Leukostasis is a medical emergency, where the blast cell count is extremely elevated, often >100 × 10⁹/L, with microvasculature blockage causing reduced tissue perfusion. Urgent treatment with leukapheresis is needed to lower the white cell count. Signs and symptoms of leukostasis include shortness of breath and hypoxia, and neurological impairment such as visual disturbance, headache, dizziness, confusion and risk of intracranial haemorrhage.

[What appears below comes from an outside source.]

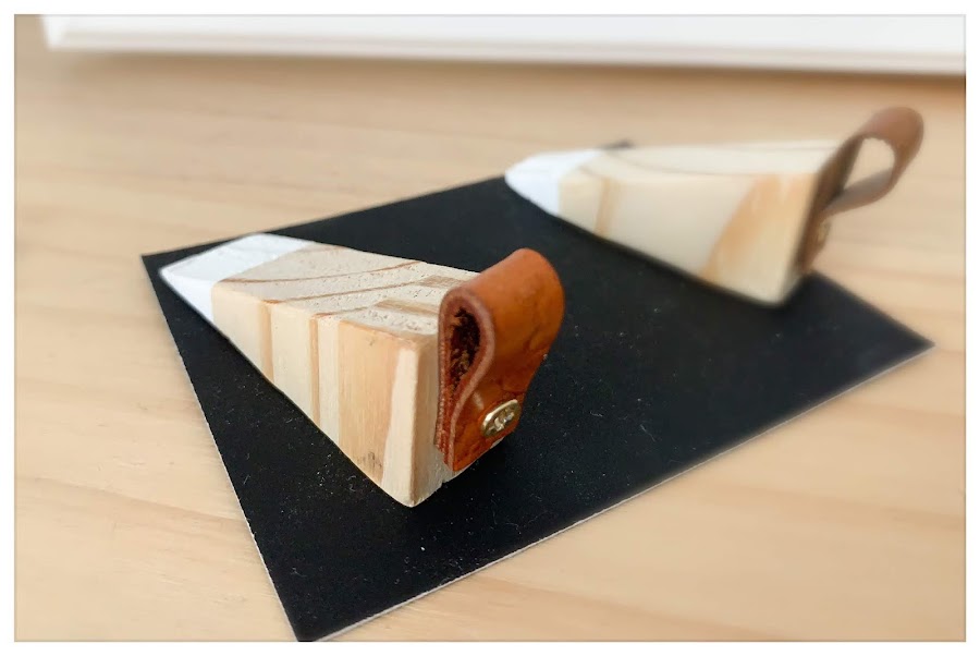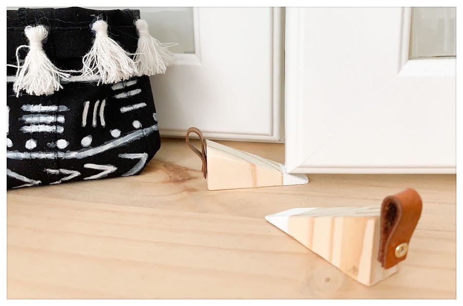 La tercera idea que he diseñado son unas cuñas tope o sujeta-puertas de diseño minimalista , con un toque de estilo decorativo muy nórdico, que está de super actualidad en decoración. Para ello he utilizado utilizado la misma cinta de cuero que utilicé en la pulsera y el anillo.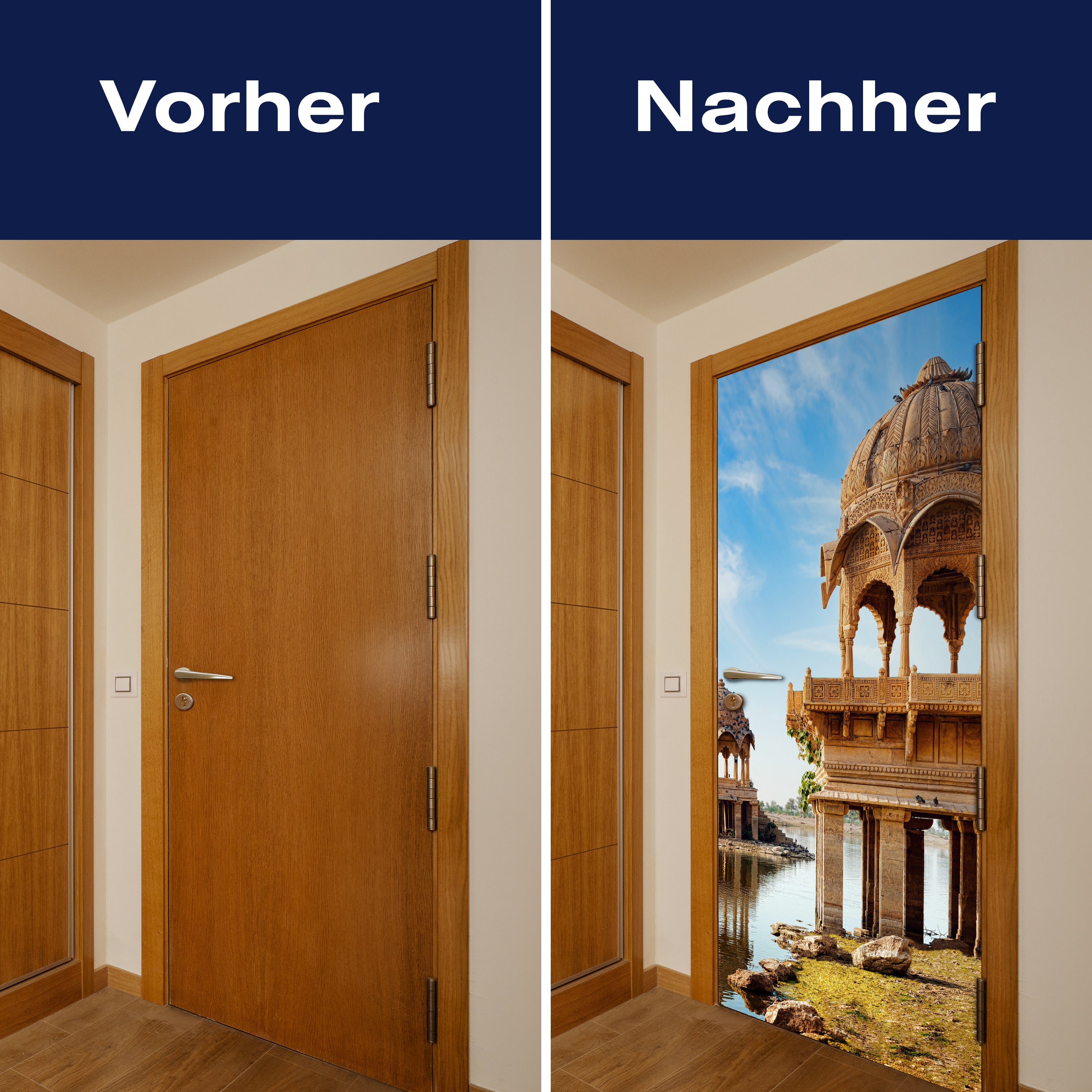 Hast du jemals darüber nachgedacht, wie eine einfache Veränderung deinen Wohnraum komplett umgestalten kann? Die Türtapete Gadi Sagar See, Indien von Wandmotiv24 ist genau das, was du brauchst, um deinem Zuhause einen Hauch von Einzigartigkeit und Stil zu verleihen. Dieses einzigartige Design erzielt eine atemberaubende visuelle Wirkung, die jeden Betrachter in den Bann zieht.

Disseminated intravascular coagulation

Disseminated intravascular coagulation (DIC) can occur in all types of leukaemia, but more frequently in acute promyelocytic leukaemia (APML). Laboratory findings include prolonged prothrombin time (PT) and activated partial thromboplastin time (APTT), thrombocytopenia, low fibrinogen, raised D-dimers and red cell fragments on blood film. Urgent treatment with retinoic acid and vigorous clotting factor and platelet support is essential if APML is suspected.

Tumour lysis syndrome

This is caused by rapid leukemic cell death following the onset of chemotherapy. It is characterised by hyperphosphataemia, hypocalcaemia, hyperuricaemia, hyperkalaemia and renal insufficiency.